The Rapid City Thrillers were a semi-professional basketball team in Rapid City, South Dakota, that competed in the Continental Basketball Association beginning in the 1987 season. They were reincarnated in 1998 as an International Basketball Association franchise. One of the many notable players of the team was Keith Smart, who played for the Indiana Hoosiers when they won the NCAA tournament in 1987.

The Thrillers had some very notable head coaches in its time. First, Bill Musselman coached the team to three consecutive CBA titles during the 1980s.  Musselman then moved to the NBA as coach of the Minnesota Timberwolves.  Later, Flip Saunders coached the Thrillers for a season and later became head coach of the NBA's Washington Wizards.  Keith Fowler coached the team during one of their only losing seasons. Eric Musselman (son of Bill Musselman) coached the team successfully for seven years but was never able to bring the championship back to the franchise, although the team was runner-up three separate times during its existence.

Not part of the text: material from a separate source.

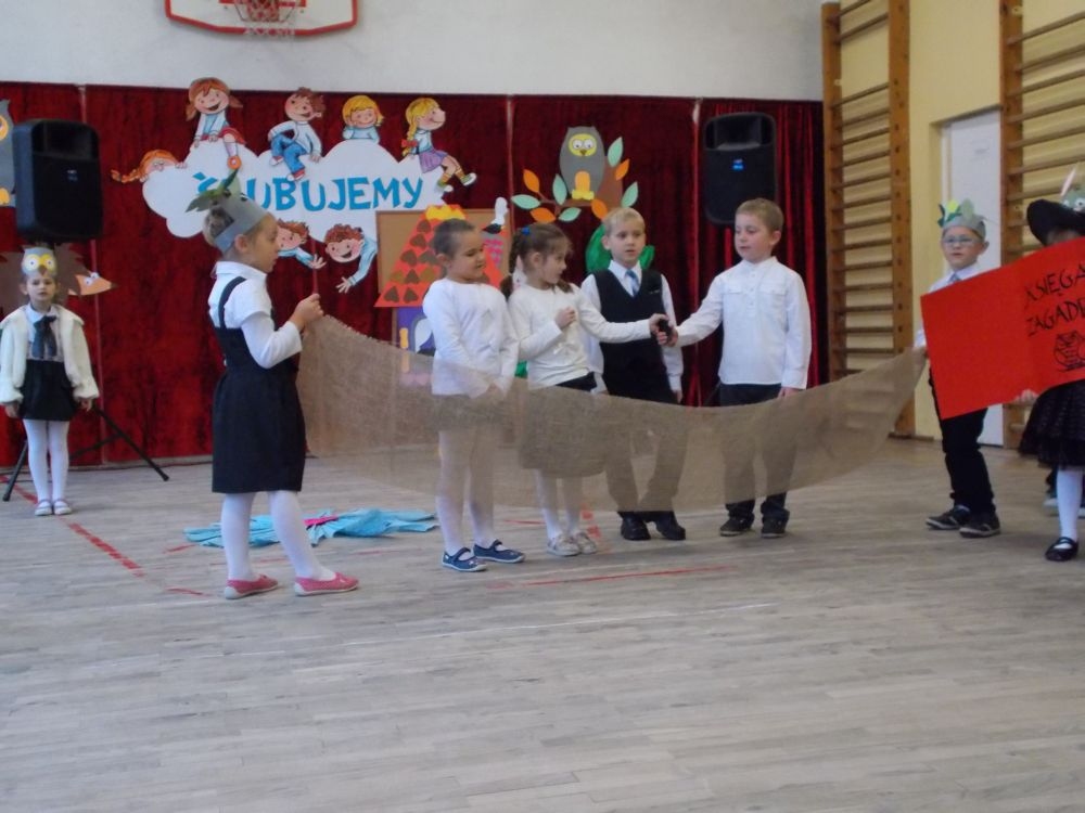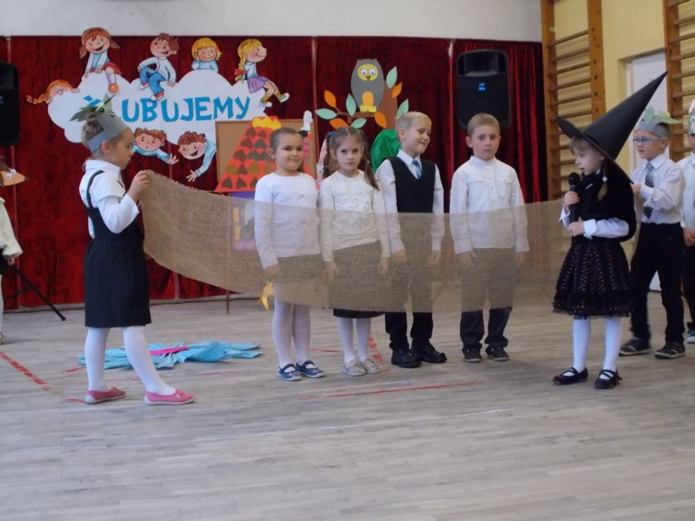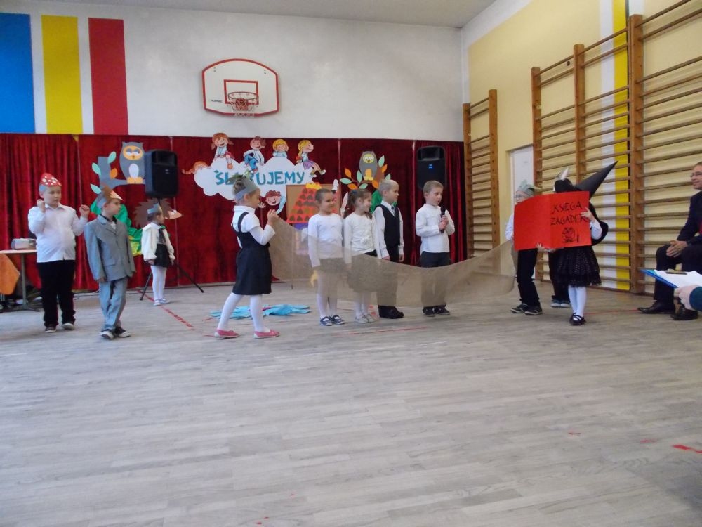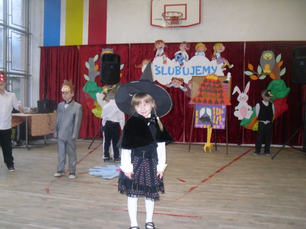 Zanim dzieci złożyły przysięgę, zaprezentowały inscenizację o Babie Jadze, która zamknęła w klatce dzieci, żeby ukarać je za skosztowanie chatki z piernika. A ponieważ okazało się, że były to dzieci z klasy pierwszej, Baba Jaga poprosiła je o pomoc w rozwiązaniu zagadek, nad którymi daremnie głowiła się już od dłuższego czasu. W zamian obiecała nagrodę. Dzieci zadania rozwiązały z łatwością, czym uszczęśliwiły czarownicę, która, mimo że miała wielką ochotę je zjeść, wypuściła je z klatki i pomachała na pożegnanie. Dzieci zaś po tej przygodzie postanowiły uczyć się jeszcze pilniej, gdyż na własnej skórze się przekonały, jak wielkim skarbem jest mądrość i wiedza. W przedstawienie wplecione były piosenki śpiewane przez małych aktorów.

This team traced its history back to the Tampa Bay Thrillers of the Continental Basketball Association. They won consecutive CBA titles in their first two seasons. However, the team never drew well, and abruptly changed cities in 1987. The Thrillers moved to Rapid City at the conclusion of the regular season, but didn't stop the team's momentum, as they won their third consecutive title.

After eight and a half seasons, the team moved to West Palm Beach where they became the Florida Beach Dogs. The Beach Dogs lasted only two seasons folding after losing the championship series to the Oklahoma City Cavalry.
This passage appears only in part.